Александр Македонский. Погибший замысел. Глава 36

      Глава 36

      Светильники мирно горели, освещая ложе, на котором в жарких объятиях сплелись Александр и Гефестион, накануне выхода македонян из Задракарты в царской опочивальне творилась истинная любовь.

      Перемена Александра в его отношении к Багою, хоть и свершилась в одночасье, не была порывом, неосознанным отторжением, не явилась ни с того ни с сего. Гоня царя Азии от оргазма к оргазму, евнух переоценил — не своё умение, но зависимость сына Зевса от чувственных наслаждений. Близость есть близость — не больше и не меньше, и очень мало, когда не покоится на основательном постаменте. Вспоминать о ней приятно, ожидать — волнующе, но лучше всего творить; и в том, и в другом, и в третьем случаях это путь в никуда, и он не имеет ни развития, ни цели.
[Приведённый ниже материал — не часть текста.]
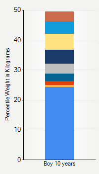 This chart shows weight percentiles, according to the CDC, for boys 10 years of age. To determine an individual's percentile, find the range that includes their weight. This percentile is not a reflection of optimal weight for an individual, it is only for comparing against a population sample. Use the navigation links above the summary chart to view the weight chart for a different age, or to switch between boys and girls or pounds and kilograms.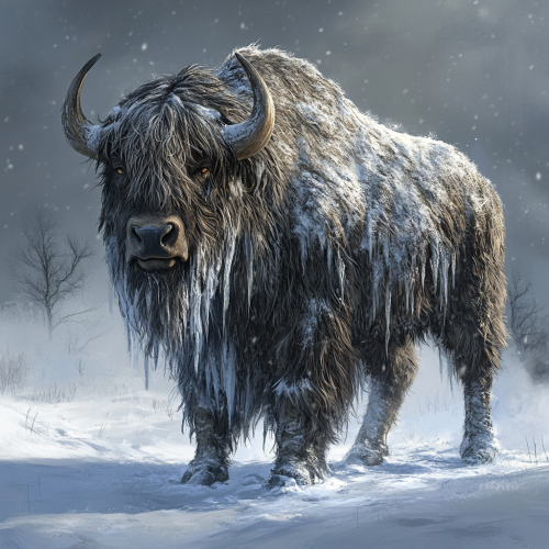 Fantasy Art: A beast that is a cross between a horse and a bison, the face of a bison but the back looks like a horse without any fur, standing slightly shorter than a horse, its muscular frame is covered in thick, dense fur, ranging from dark brown to grey, that shields it from the coldest winds and biting snow. Its fur is often matted with ice, giving it a rugged, weathered appearance.

      В стремлении Александра покорить всю Азию не могла стать превалирующей одна её сторона плотских услад. Как бы привлекательна она ни была, для нового владыки бывшей империи Ахеменидов она служила только дополнением и безусловно была нищей и не могла выдерживать сравнения ни с масштабом собственной личности, ни с насчитывавшими второй десяток лет чувствами искренними, не рождёнными одной физиологией.

      Кратер любил царя, Гефестион любил Александра. Правителю и человеку полководец и любимый служили опорой и залогом будущих свершений, с ними можно было идти рука об руку, этот союз рождал новые завоевания — постель же, обслуживающая только постель, на ней и замыкается, а бег по кругу даже не тупик, а много хуже, ибо ему нет конца…

      Изнуряя свою плоть в оглушительных оргазмах, Александр никогда не забывал, пусть и отмечал редко, о том, что этот марафон конечен и исчерпает себя полумесяцем, на исходе второй недели дальнейшее продолжение похода не могло не занимать его более, чем плотские страсти, к тому же изрядно его утомившие и, как ни был искусен Багой, притупившиеся в остроте доставляемого удовольствия.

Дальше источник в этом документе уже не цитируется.